Wednesday, April 26, 2017


Coming in at number 66 on our 1967 song countdown is the one major hit for folk-rocker Scott McKenzie, an artist who probably would have had a much bigger career were it not for one ill-timed decision.

A childhood and lifelong friend of John Philips, he and Philips spent most of the early years of their musical career figuratively teethered at the hip...starting two significant east coast market bands in the doo-wap oriented Smoochies, and later the folk-rock act The Journeymen, who recorded three albums and several singles in the early sixties.

But with the rapid stylistic changes that came with the British Invasion, The Journeymen disbanded, and McKenzie choose at that moment to finally pursue a solo career rather than head out west and accept Philips' invitation to join him on the lineup of a fledgling west coast act  - The Mamas And The Papas.

Needless to say, at least career wise, things panned out better for Philips than they did for McKenzie,
but despite his sudden success, Philips never forgot his friend, and in 1967 wrote and co-produced McKenzie's one monster hit - San Francisco (Be Sure To Wear Flowers In Your Hair) - the Summer Of Love's definitive anthem.

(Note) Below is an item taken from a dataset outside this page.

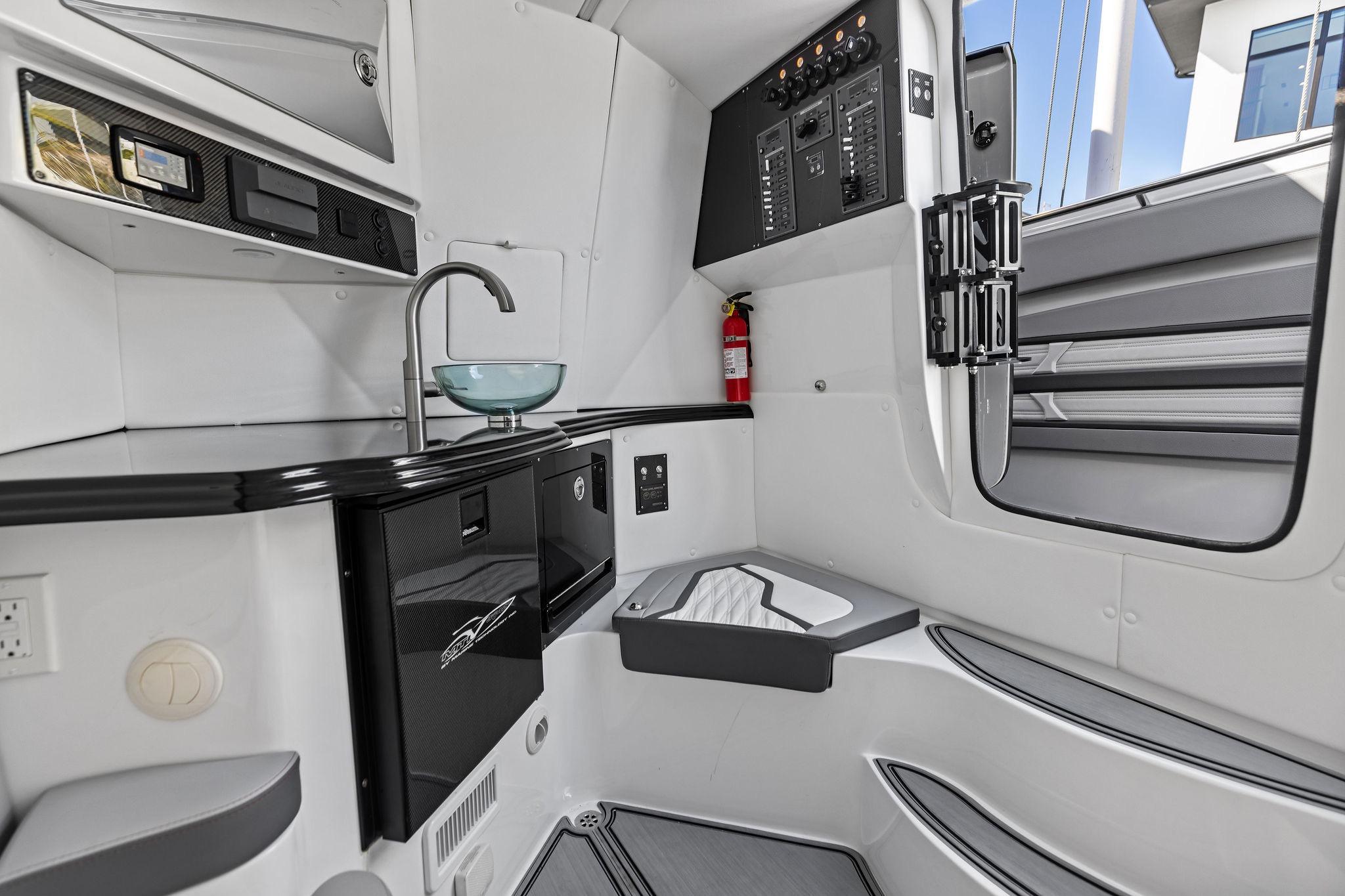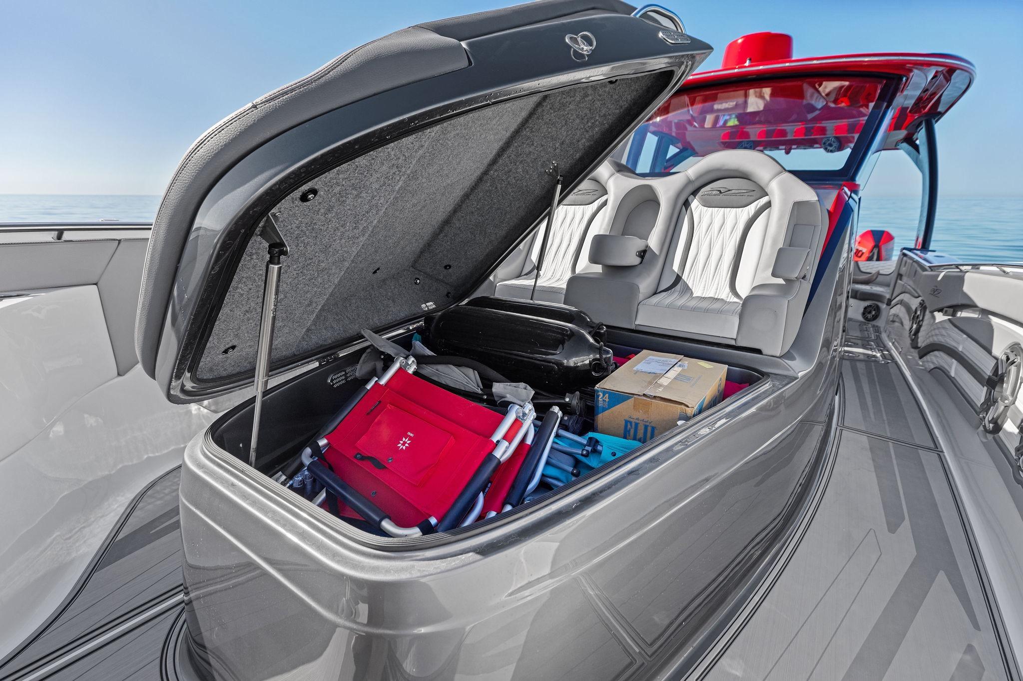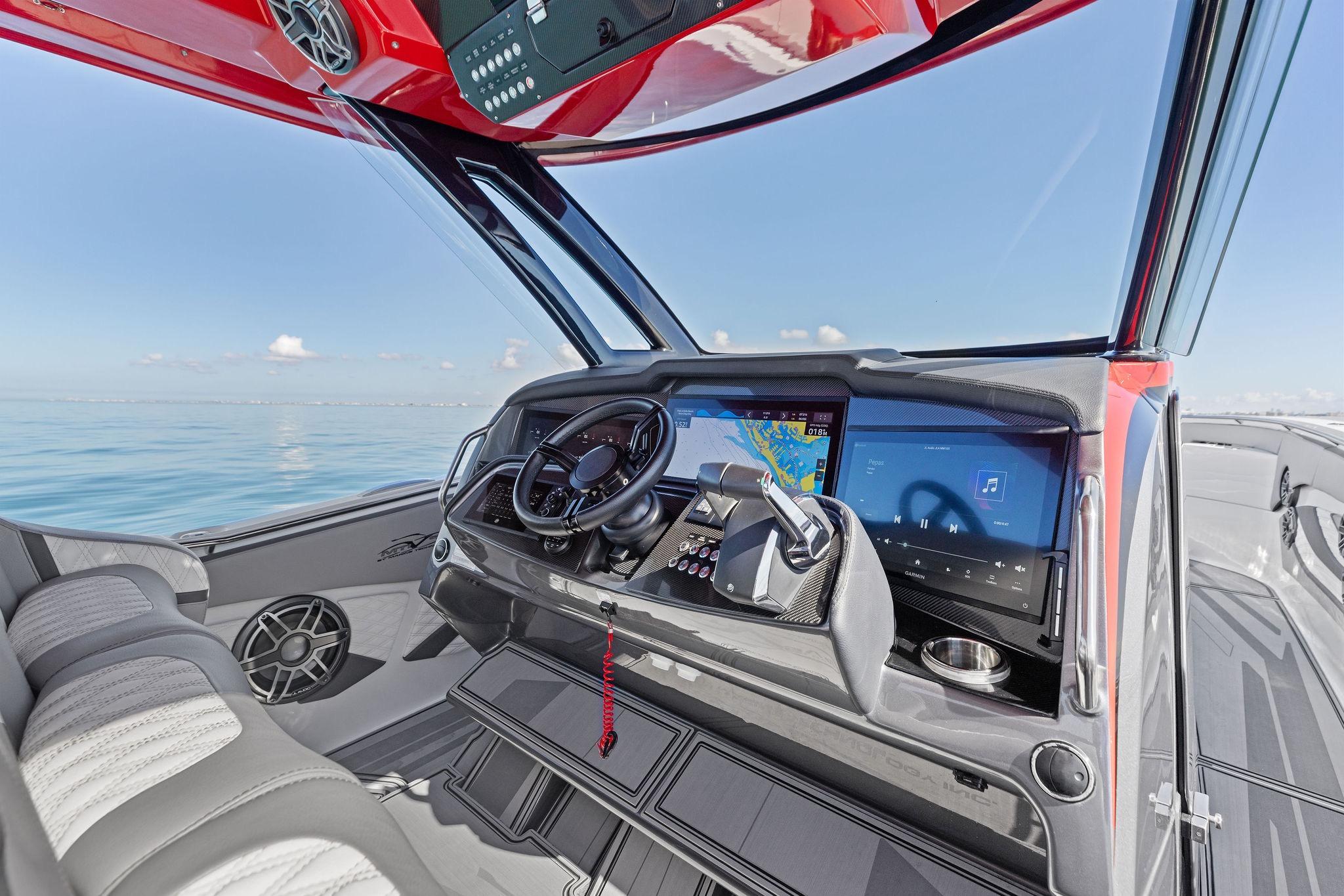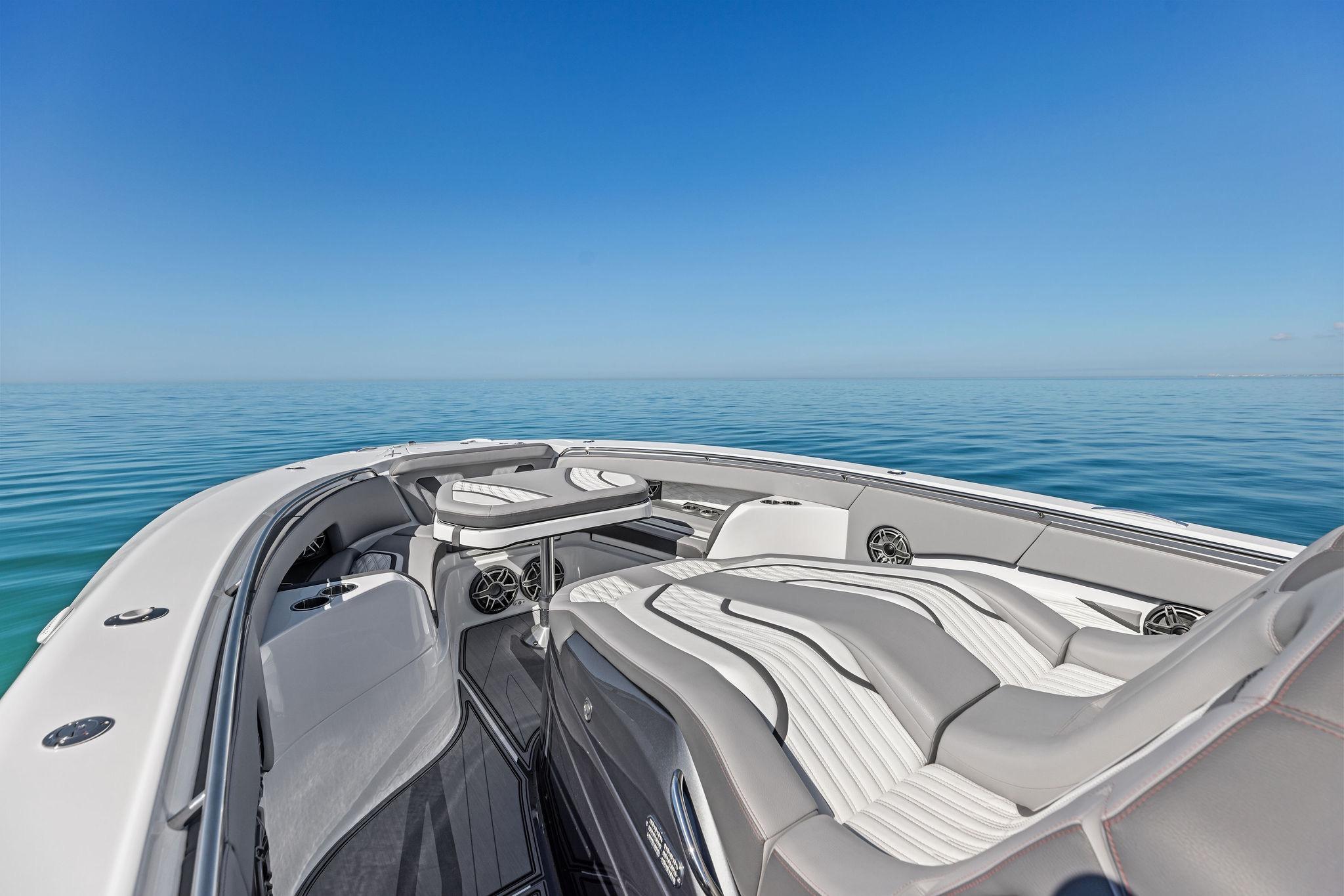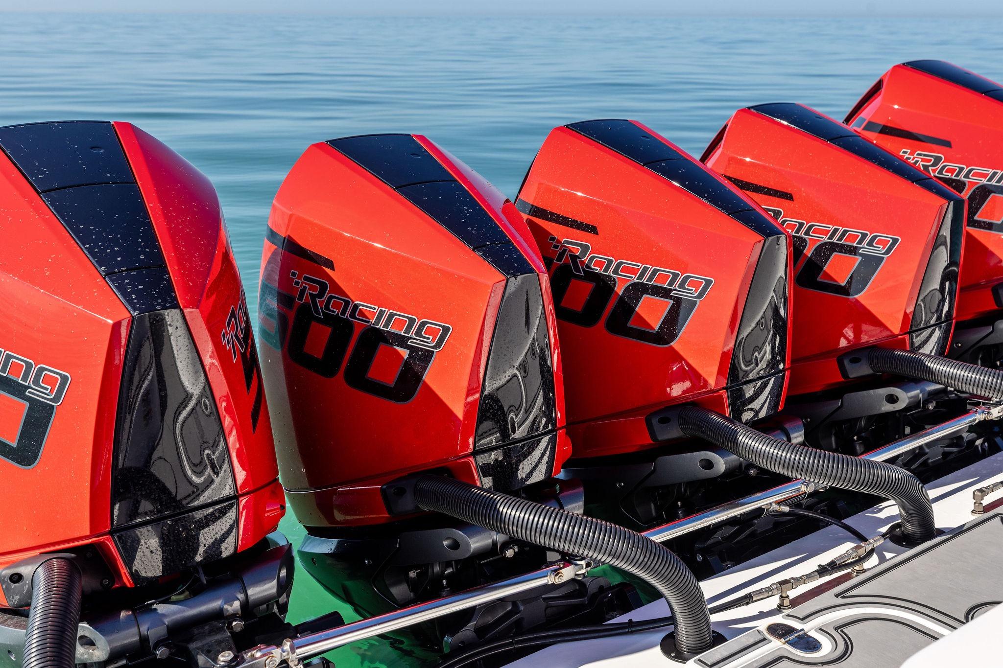Colored Gel Coat Bottom. Stage 2 Paint job. Custom Painted Engine Body Panels. Cool Touch interior. SeaDek flooring. Cockpit Cooler and Storage. Chill Plate. Forward and Rear Shades. Stern Thruster. Full Boat Cover. Garmin 22 in center and Garmin 17’s on the sides. Garmin 22 above the helm. VHF Radio. 18-inch Garmin Radar Dome. Wireless Cellphone Charger on Dash. Stereo Stage 3. Wing Speakers. Bow Pop Up Speakers. Rear View Camera. GPS Tracking. Refrigerator in Cabin. SeaKeeper. Inverter with additional house batteries and Air Conditioning in Cabin. Large Aluminum Cleats. Bow Table with filler cushion for sun pad (table drops to floor). Helm Riser Pad. Single Point Engine Flush.

Peaking at #4 on the US charts, and #1 overseas, San Francisco would ultimately land the #48 spot on Billboard's year end Hot 100 and sell over seven million copies, and is attributed as a genuine motivating factor in the rush of teens and young adults who descended upon San Francisco in the summer of 1967.

McKenzie would go on to have the occaissional minor follow-up success as either a perform or songwriter for others, and spent a good chunk of time in the eighties and nineties touring with a reformed version of The Mamas And The Papas, but never came close to achieveing the rampant success of San Francisco again.